Posted using Outdoor Hub Campfire


----------



## huntindoggie22 (Mar 28, 2008)

There was 20 or so guys out there at 4pm yesterday. 


Outdoor Hub mobile, the outdoor information engine


----------



## wallydvr (Feb 20, 2005)

I went last night, spud bar went thru at every wet spot. It if not making much ice. Ice averaged 1.5"-5. I drilled one hole it was 2",30 ft away 5". The path on the north end was some of the worst ice. Saw at least 8 fisherman walk out on the path with no spud bar and no clue what was under them. Stay hm only a few crappie being caught. My stuff got put up when i got home.

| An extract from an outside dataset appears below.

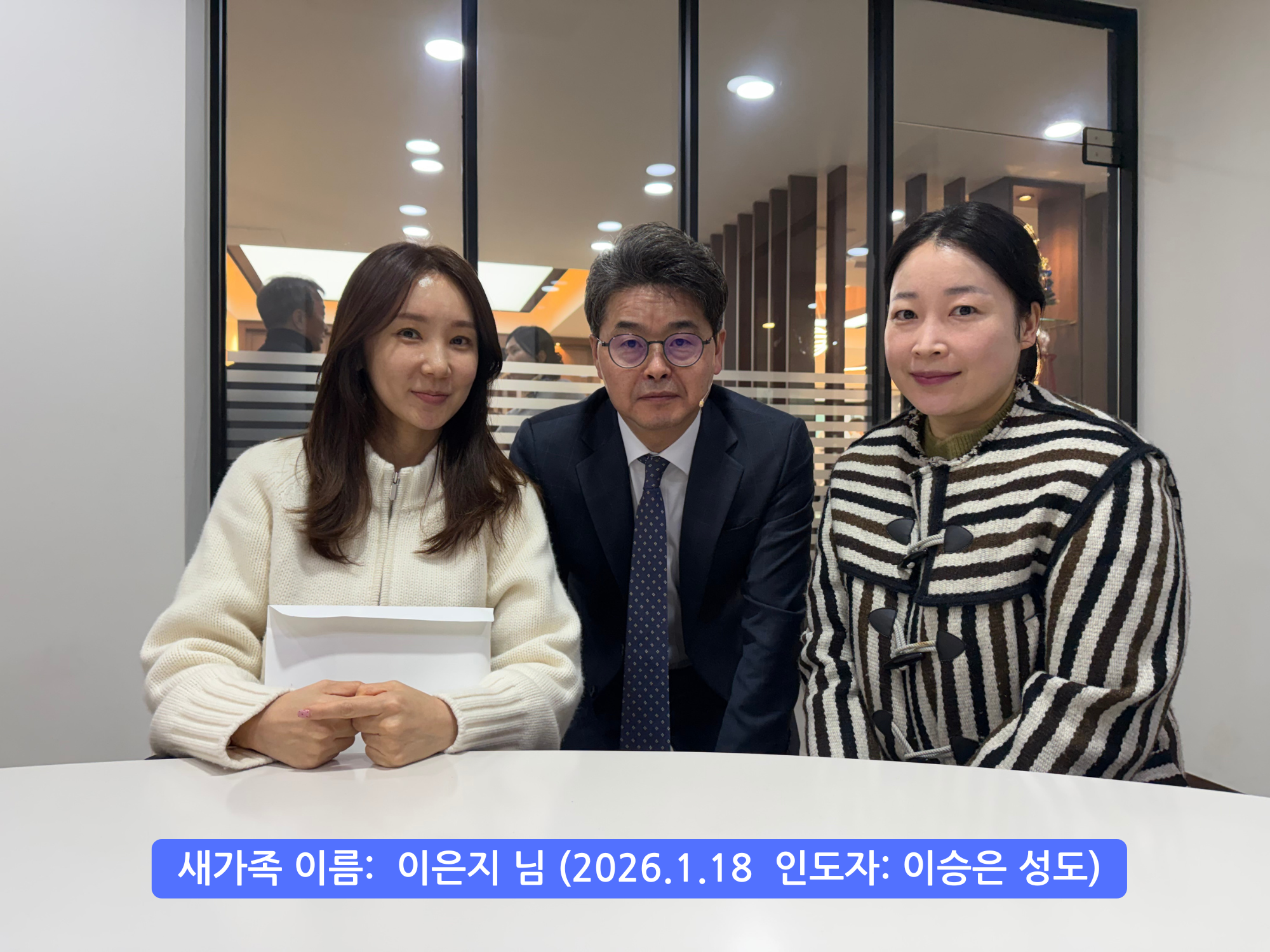 [260118 등록 새가족] 이은지 님 작성일26.01.20 10:54 본문 공유 둥록 새가족 : 아운자 님인도자 : 이승은 성도 이전글[260118 등록 새가족] 이고운 님 26.01.20 다음글[260111 등록 새가족] 노승국&노성희 님 26.01.11

Sent from my DROID RAZR using Tapatalk 2


----------



## fish master (Dec 24, 2005)

im up in mi right now and from what i seen anything below lansing was 3-4'' with 3'' of snow. checked a few lakes on the way up, im up in the cadillac area with 18'' with trucks out there.


sonar said:


> NOW IS THE TIME TO USE OUR HEADS!! This is what I call,,Fair Warning!! Whir,,posted a VERY clear example of what is happening under the snow....If you must go fishing,,Go to the rivers!! It's not worth a few fish,,at best,,for the REAL possibility of going in!! IMHO ----->>>>>sonar<<<<<-----


----------



## sylvan21 (Jul 9, 2010)

There were 3 out there today, 2 at 305 and 1 at the cemetary area. I guess he didn't read todays Warren Tribune about the guy who went thru yesterday at the same area. Article said he got out okay.


----------



## Kastmaster93 (Aug 6, 2008)

After the way they slayed the 'eyes yesterday I'm surprised there weren't a couple more out there 


Posted using Outdoor Hub Campfire


----------